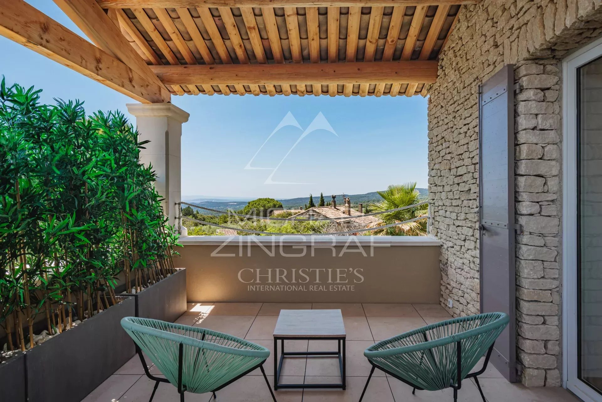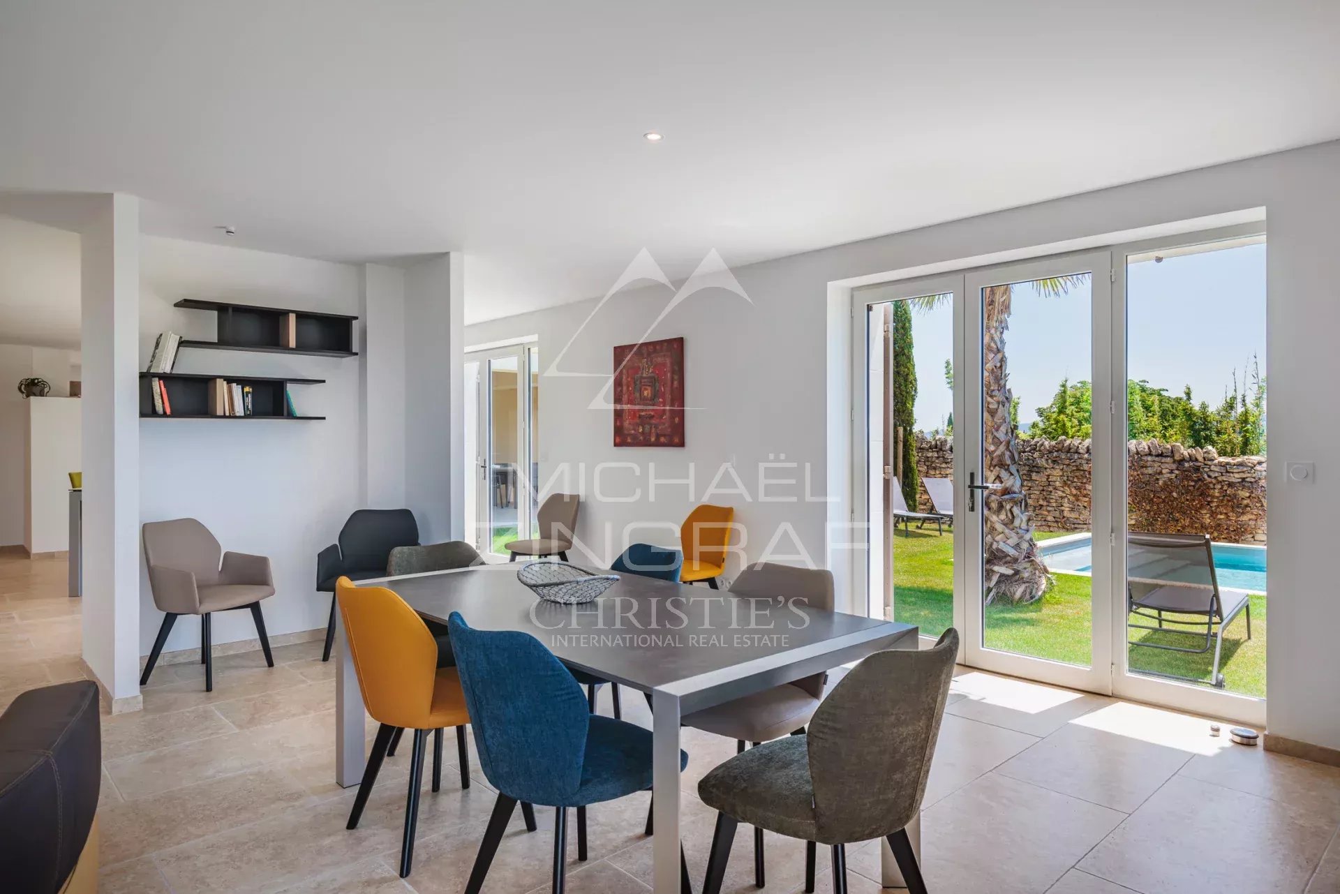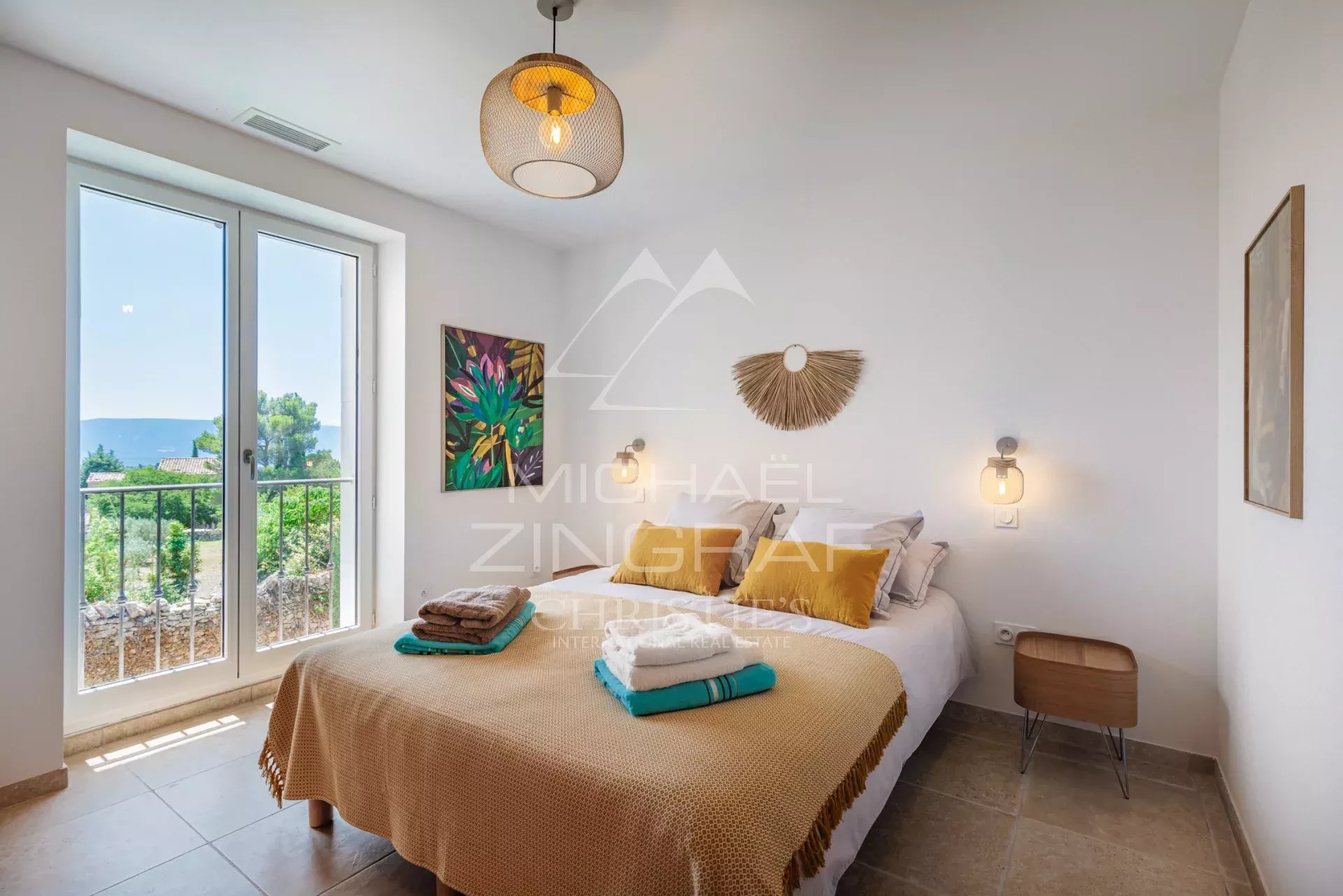 L'intérieur, moderne et lumineux, propose deux niveaux bien agencés avec l'espace jour en rez-de-jardin, ouvert et fonctionnel. L'espace nuit, à l'étage, comprend 5 belles chambres en suite, dont la plus spacieuse avec une terrasse privative et une vue sur le village perché.
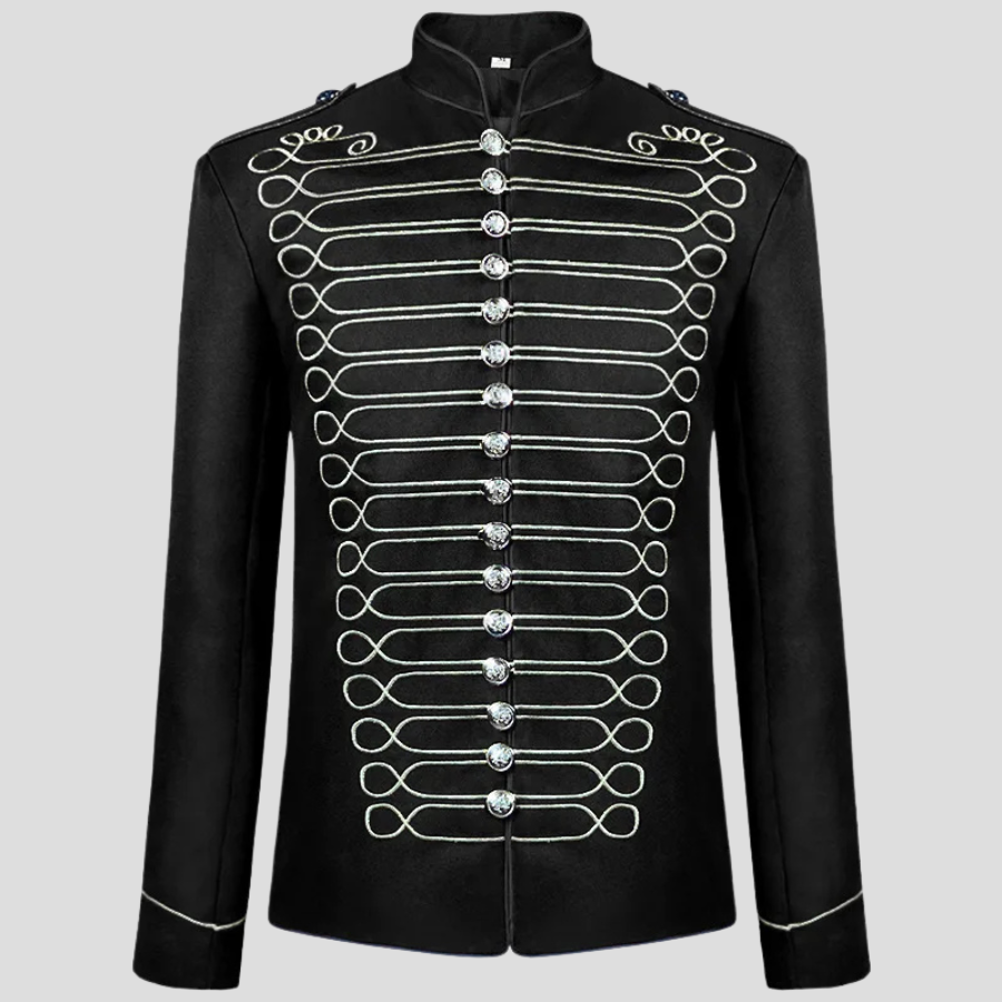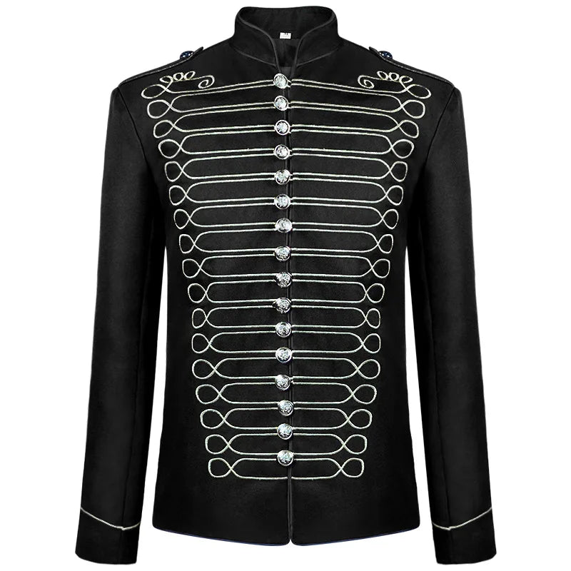 Veste Steampunk Noire avec Cordons Décoratifs Blancs pour Homme
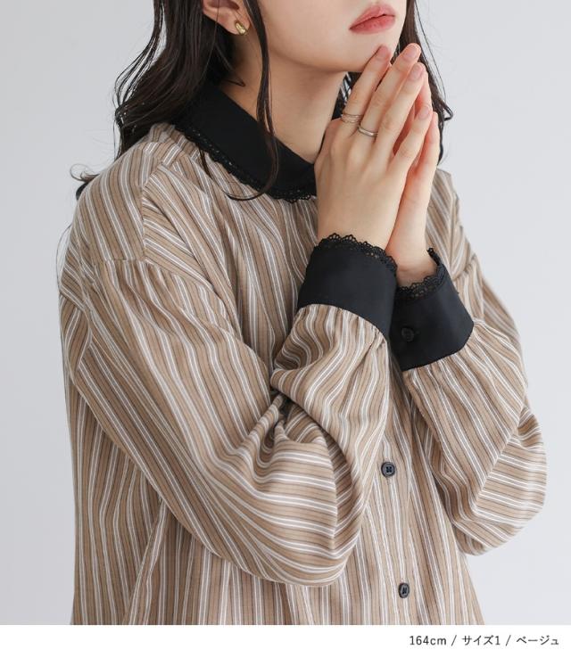 シャツ レディース トップス 長袖 ブラウス ストライプ柄 襟付き 丸襟 ネクタイ付き レース レイヤード 春 秋 冬 【TP】 ボタンシャツ 前開きシャツ 襟付きシャツ 柄シャツ オープンカラー ミディ丈 ミドル丈 ドロップショルダー 調節できる 調整可能 ベルト付き 総柄 配色 おうちで洗える ロングシーズン カジュアル レトロ クラシカル シンプル キレカジ フェミニン ガーリー 可愛い系 大人女子 大人可愛い お洒落可愛い 大人カジュアル 上品 きれいめ ベーシック Sサイズ Mサイズ Lサイズ LLサイズ 3Lサイズ XLサイズ ぽっちゃり 体型カバー 大きいサイズ プラスサイズ 10代 20代 30代 40代 50代 60代 女子会 通学 お買い物 お出掛け 旅行 リゾート おしゃれ お洒落 トレンド 流行 ママ 母 母親 somari imagination ソマリイマジネーション ナチュラル osharewalker オシャレウォーカー おしゃれうぉーかー ベージュ グレー 灰色[ID]13to07p

• Activity
Copy each line of the material above exactly, but not the images.

• Task output
 L'intérieur, moderne et lumineux, propose deux niveaux bien agencés avec l'espace jour en rez-de-jardin, ouvert et fonctionnel. L'espace nuit, à l'étage, comprend 5 belles chambres en suite, dont la plus spacieuse avec une terrasse privative et une vue sur le village perché.
 Veste Steampunk Noire avec Cordons Décoratifs Blancs pour Homme
 シャツ レディース トップス 長袖 ブラウス ストライプ柄 襟付き 丸襟 ネクタイ付き レース レイヤード 春 秋 冬 【TP】 ボタンシャツ 前開きシャツ 襟付きシャツ 柄シャツ オープンカラー ミディ丈 ミドル丈 ドロップショルダー 調節できる 調整可能 ベルト付き 総柄 配色 おうちで洗える ロングシーズン カジュアル レトロ クラシカル シンプル キレカジ フェミニン ガーリー 可愛い系 大人女子 大人可愛い お洒落可愛い 大人カジュアル 上品 きれいめ ベーシック Sサイズ Mサイズ Lサイズ LLサイズ 3Lサイズ XLサイズ ぽっちゃり 体型カバー 大きいサイズ プラスサイズ 10代 20代 30代 40代 50代 60代 女子会 通学 お買い物 お出掛け 旅行 リゾート おしゃれ お洒落 トレンド 流行 ママ 母 母親 somari imagination ソマリイマジネーション ナチュラル osharewalker オシャレウォーカー おしゃれうぉーかー ベージュ グレー 灰色[ID]13to07p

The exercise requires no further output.